Guacamole Deviled Eggs are a fresh take on everybody’s favorite comforting appetizer, it’s amazing how a little tweak like adding smashed avocado, garlic salt, and lemon really takes them over the top. Serve ’em up on game days, and right through the spring holidays like Easter, Passover, and Cinco de Mayo.
Can we all just admit it, deviled eggs are the best ~ I always perk up when I see these little appetizers waiting for me at a party.
There’s nothing quite like the experience of sinking your teeth into a perfect deviled egg. The creaminess of the stuffing, the silky texture of the egg…it’s not a question of whether you want one, it’s how many do you want?
How to boil the perfect egg method #1
- Start with room temperature fresh eggs.
- Bring a pot of water to boil.
- Gently lower the eggs, one by one, into the boiling water. Set the timer for 8 minutes.
- Let the eggs boil gently, lowering the heat a little bit if necessary.
- Turn off the heat after 8 minutes, cover, and let sit for 5 minutes.
How to boil the perfect egg method #2
- Start with eggs from the fridge.
- Put the eggs in a pot and cover with water.
- Bring to a full boil, then turn off the heat, cover, and let sit for 15 minutes.
So now you’ve got your perfectly boiled eggs, but we all know that’s only half the battle!

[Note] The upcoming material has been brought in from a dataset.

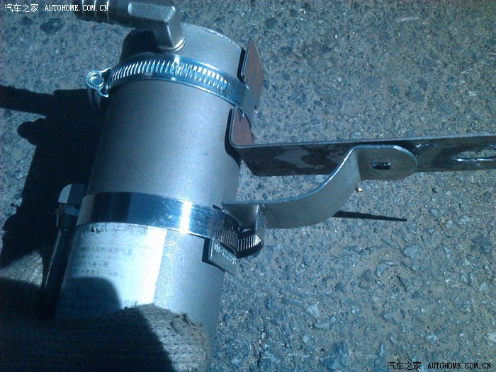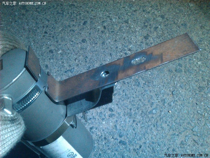 下面短的原本就有孔,以此孔作为参照点,在长铁条上钻眼。后面的那个眼,则比照车架ABS固定结构。

How to easily peel eggs (even super fresh ones)
- Drain, and rinse your freshly boiled eggs in cold water for a couple of minutes.

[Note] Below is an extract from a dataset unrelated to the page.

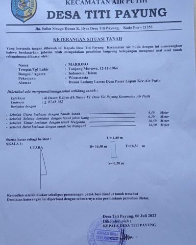 PIRNAS.COM | BATU BARA – Adapun posisi tanah tersebut terletak di Dusun K.Ilyas d/h Dusun VI, Desa Titi Payung, Kecamatan Air Putih, Kabupaten Batu Bara. Untuk Sebelah Utara berbatasan dengan tanah Asnah = 4,40 m, sebelah Timur berbatasan dengan
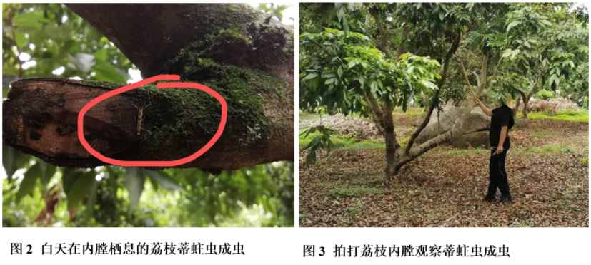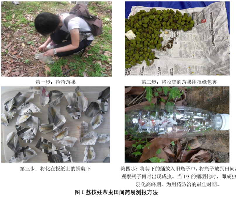 一、監(jiān)測(cè)方法:1.監(jiān)測(cè)落果中荔枝蒂蛀蟲(chóng)的發(fā)育進(jìn)度,預(yù)測(cè)蒂蛀蟲(chóng)成蟲(chóng)羽化高峰期。根據(jù)蒂蛀蟲(chóng)田間簡(jiǎn)易測(cè)報(bào)方法(如圖1),連續(xù)7-10天撿拾地下落果,收集并用一層報(bào)紙包裹,數(shù)日后剪下在報(bào)紙化蛹的荔枝蒂蛀蟲(chóng)(蛹),置于空礦泉水瓶中,待瓶中有1/3的蛹羽化為成蟲(chóng),即為成蟲(chóng)羽化高峰期,可用藥防治。2.監(jiān)測(cè)樹(shù)干上荔枝蒂蛀蟲(chóng)成蟲(chóng)。根據(jù)蒂蛀蟲(chóng)成蟲(chóng)白天棲于陰涼的樹(shù)冠內(nèi)枝桿上(如圖2),受到驚嚇時(shí)會(huì)飛離枝桿這一特性,于每天清晨對(duì)果園進(jìn)行實(shí)地調(diào)查,每個(gè)果園按東南西北中五個(gè)方位進(jìn)行定點(diǎn)監(jiān)測(cè),每個(gè)方位取10-15株樹(shù),在荔枝內(nèi)膛拍打莖桿(如圖3),發(fā)現(xiàn)有成蟲(chóng)時(shí),即可用藥防治。

- With the eggs in a dry pan, shake the pan and eggs back and forth vigorously so the eggs bang against each other and the sides of the pan. Don’t be afraid ~ the little network of cracks is going to make peeling a breeze!
- Peel the eggs under running water, the shells will practically fall off.

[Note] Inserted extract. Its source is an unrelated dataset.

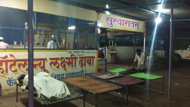 आता जेवणाचा बेत होता पण एकही “शुद्ध मांसाहारी” खानावळ दिसत नव्हती …. शोधत शोधत आम्ही चंदनापुरी भागात पोहचलो … तिथे एक उजव्या बाजूला हॉटेल दिसले पण आमची गाडी जरा पुढे गेली होती … म्हणल आता भूक पण लागली आहे आणि १० वाजून गेलेत पुढे कुठे मिळेल माहित नाही म्हणून पुन्हा गाडी मागे घ्वून हॉटेल पुढे गाडी लावली …

Deviled eggs can be made ahead. I like to assemble them the morning of my party, and keep them (loosely!) wrapped in the fridge until they’re needed. If you’re going to garnish, do that just before serving, and served them chilled.
My mom made her deviled eggs the old fashioned way, and just filled the eggs with a spoon, nothing fancy. But if you want to try for a little bit of an elevated look, spoon your guac filling into a pastry bag fitted with a large tip. It’s so easy to fill each egg with a twist of your hands, and they look so pretty. I used the same large pastry tip to pipe the mashed potatoes onto my Cottage Pie, and I just love the effect. Note: I used the Wilton 6B open star tip for my eggs.
Guacamole Deviled Eggs
- 6 extra large hard boiled eggs, shells removed
- about 1/2 cup mashed avocado
- 1 tsp fresh lemon juice, more to taste
- 1-2 Tbsp mayonnaise, depending on how stiff your mixture is
- salt or garlic salt to taste, start with a pinch
- snipped chives
- Slice each egg in half lengthwise, and pop out the yolks.
- Mix the freshly mashed avocado with lemon juice to prevent browning.
- Put the yolks, mayo, and avocado in a small bowl. Use an immersion blender to blend the mixture until smooth and creamy. Season with salt or garlic salt to taste. Add more lemon if you like.
- Alternatively you can blend the mixture in a small food processor, scraping down the sides of the machine as necessary.
- Fit a pastry bag with a large star tip and fill the bag with the mixture.
- Pipe the filling into the hollowed out egg halves.
- Garnish with snipped chives.
Make these Guacamole Deviled Eggs your own ~
- How about a sprinkle of crumbled bacon on top instead of the chives? Yum. Or try finely minced jalapeños.
- Not a guac fan? Try adding an equal amount of hummus.